The methodology to analyze the Twitter data using Hadoop, Hive, and ‘R’ is given below. The methodology is used to analyze Twitter users’ behavior and visualize the various statistics with the help of graphs.

•   Using apps.Twitter.com create a Twitter account.

•   Twitter credentials are authenticated to obtain the data from Twitter.

•   Hadoop cluster is created with RHadoop and Flume.

•   Fetch Twitter real-time stream data using Flume agent and save the raw data in JSON file to HDFS.

•   Store the JSON data in a structured columnar fashion using Hive.

•   Fetch the required data from the Hive tables using Hive Queries.

•   Load the tweets and load the relevant packages of R for tweet preprocessing.

•   Extract the user’s unique screen name, and user mentions to construct the network graph.

•   Construct the timeline graph of individual users.

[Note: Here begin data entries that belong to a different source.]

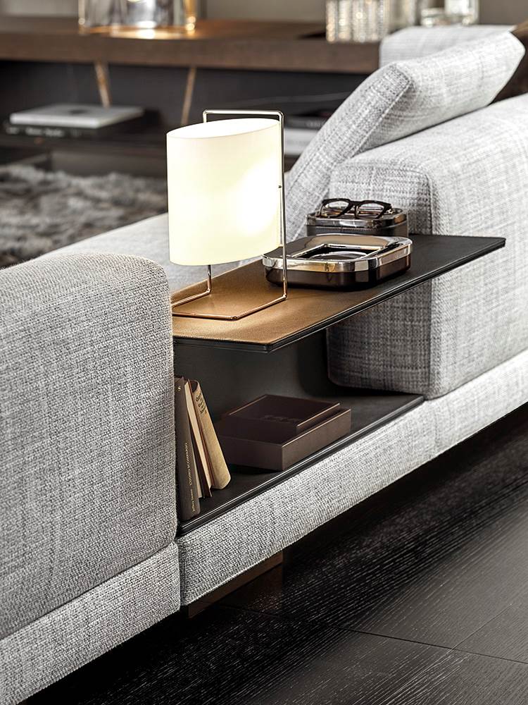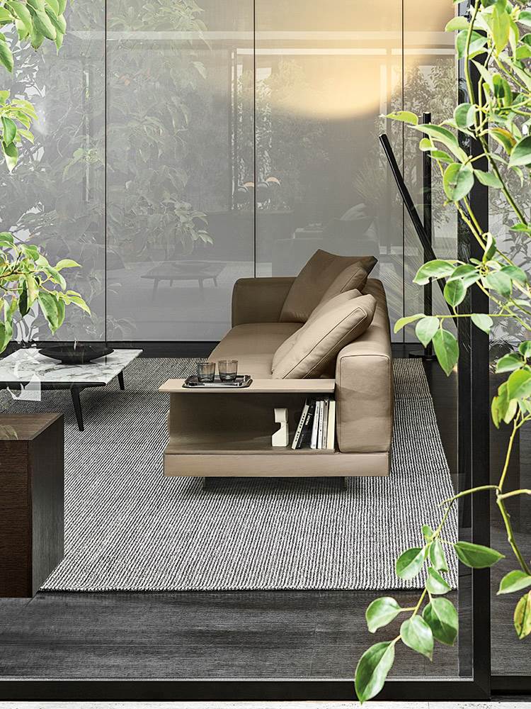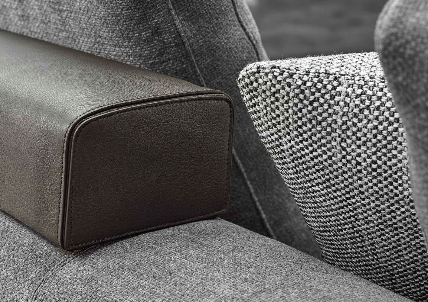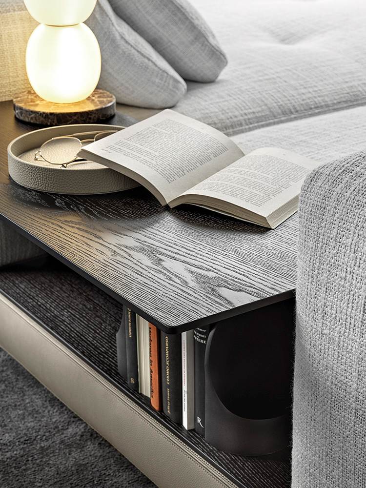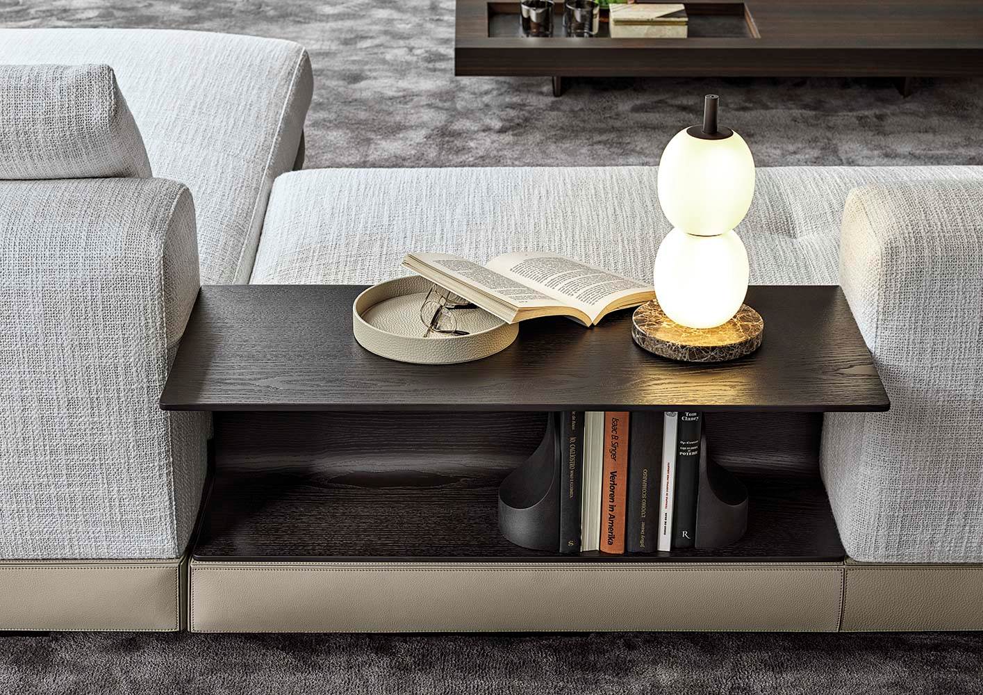 Die Ablageflächen Flap greifen das Streifendesign des Sofaunterbaus auf und sind ein echtes Plus dieses Programms, da sie eine raffinierte Ablagelösung darstellen, die zudem wie ein Behälter Platz für Objekte bieten kann. Bezogen mit Leder, oder aus Eschenholz im Farbton Mokka, treten sie in einen harmonischen Dialog mit den Texturen des Bezugs.
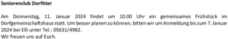 Am Donnerstag, 11. Januar 2024 findet um 10.00 Uhr ein gemeinsames Frühstück im Dorfgemeinschaftshaus statt. Um besser planen zu können, bitten wir um Anmeldung bis zum 7. Januar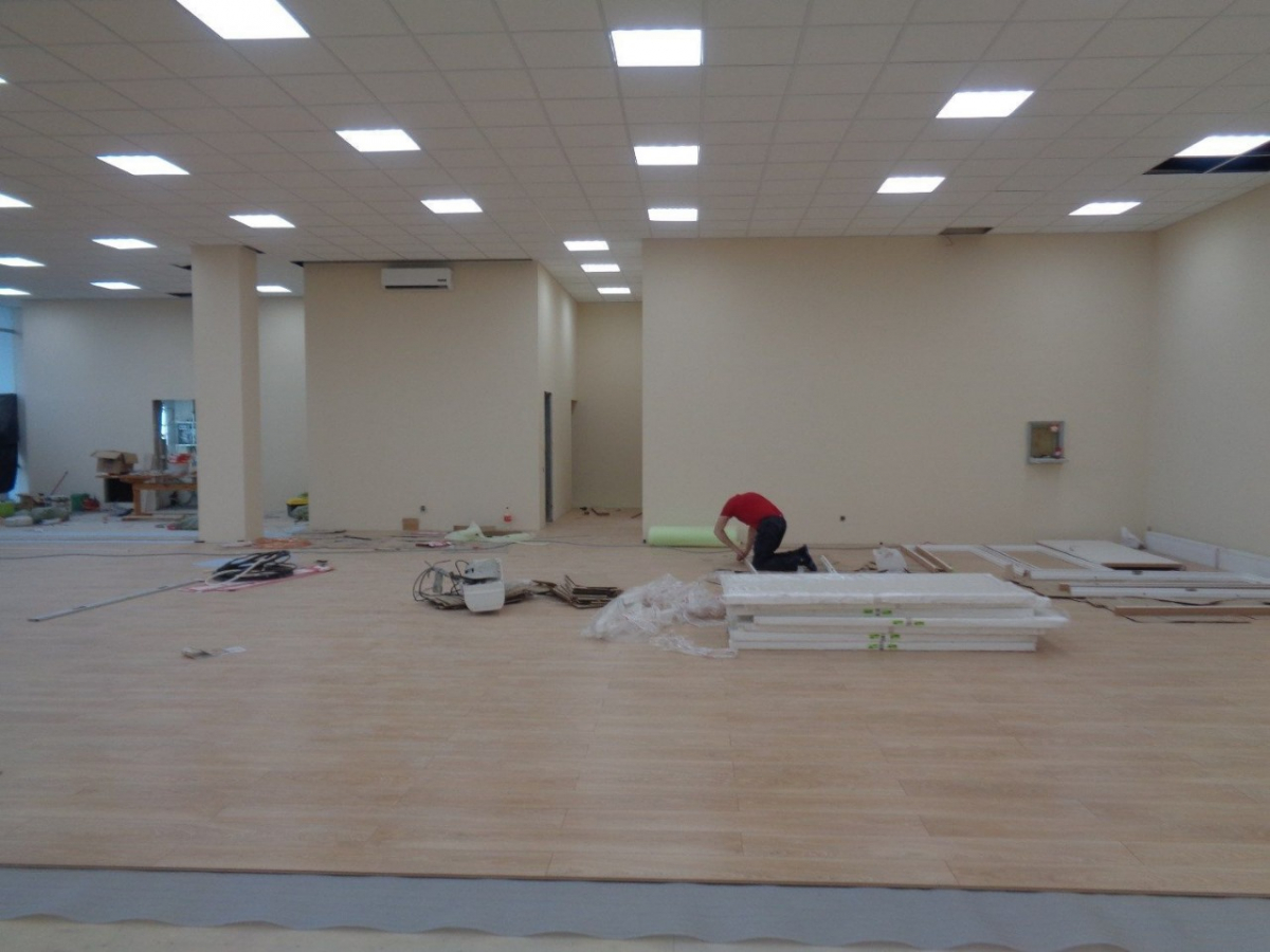 Отделочные работы: штукатурка, шпатлевка, поклейка обоев, покраска потолков, полов и стен, укладка линолеума, ламината и плитки.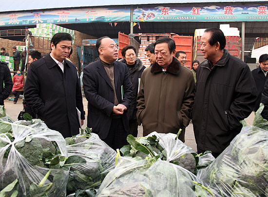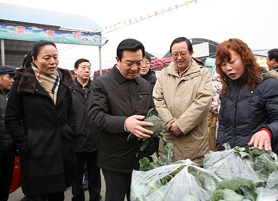 市人大常委会主任白红战在刘庄蔬菜批发市场实地察看,并向商户了解蔬菜购销情况

•   Perform emotion analysis using the OSVNN based on R’s syuzhet package and visualize the emotion scores using a bar chart.

•   Construct wordcloud to depict the words in the tweets that are associated with the event.

3.3 ‘R’ and Hadoop Integration Process

RHadoop, provided by Revolution Analytics, is an open-source solution for ‘R’ and Hadoop. Integrating ‘R’ with Hadoop helps scale ‘R’ program to work with petabyte data. This integration extracts tweets from Twitter and stores them in HDFS for further processing [21]. The packages available in RHadoop manage and analyze the data with the ‘R’ and Hadoop frameworks.

The RHadoop packages used to stream tweets from Twitter are:

•   rhdfs: provides access to HDFS installed on the name node where the ‘R’ code runs, allowing the user to browse, read, write and edit the files in HDFS

•   plymr: is used to perform data manipulation operations on data stored on every node in Hadoop Cluster

•   rmr2: supports statistical analysis in ‘R’ via Hadoop MapReduce functionality on every node in Hadoop Cluster

•   rhbase: is used to integrate the ‘R’ database management capability with HBase

•   rJDBC: enables basic connectivity to the database using JDBS Driver and installed on the node that runs the ‘R’ code.

3.4 Extracting the Tweets from Twitter Using Flume Agent

Tweets related to Modi, IPL 2015, cricket, (Royal Challengers of Bangalore) RCB, Kohli for May 24, Tuesday 6:49 2016 to May 30 Monday 12:22 2016 are extracted using RHadoop and Flume. Flume is used for streaming real-time data from Twitter. Flume Agent fetches the live stream from Twitter using the Twitter credentials and stores the streamed data in HDFS in raw JSON format. Real-time Twitter data related to the specific topic/keyword is extracted using the Flume Agent in a raw JSON file. The real stream data is fetched using the Flume Agent from Twitter by making the handshake to the Twitter server giving the Twitter user credentials. Flume agent creates multiple individual files and stores them at different nodes. These files contain the raw unprocessed JSON formatted tweets and the sample tweets in JSON format.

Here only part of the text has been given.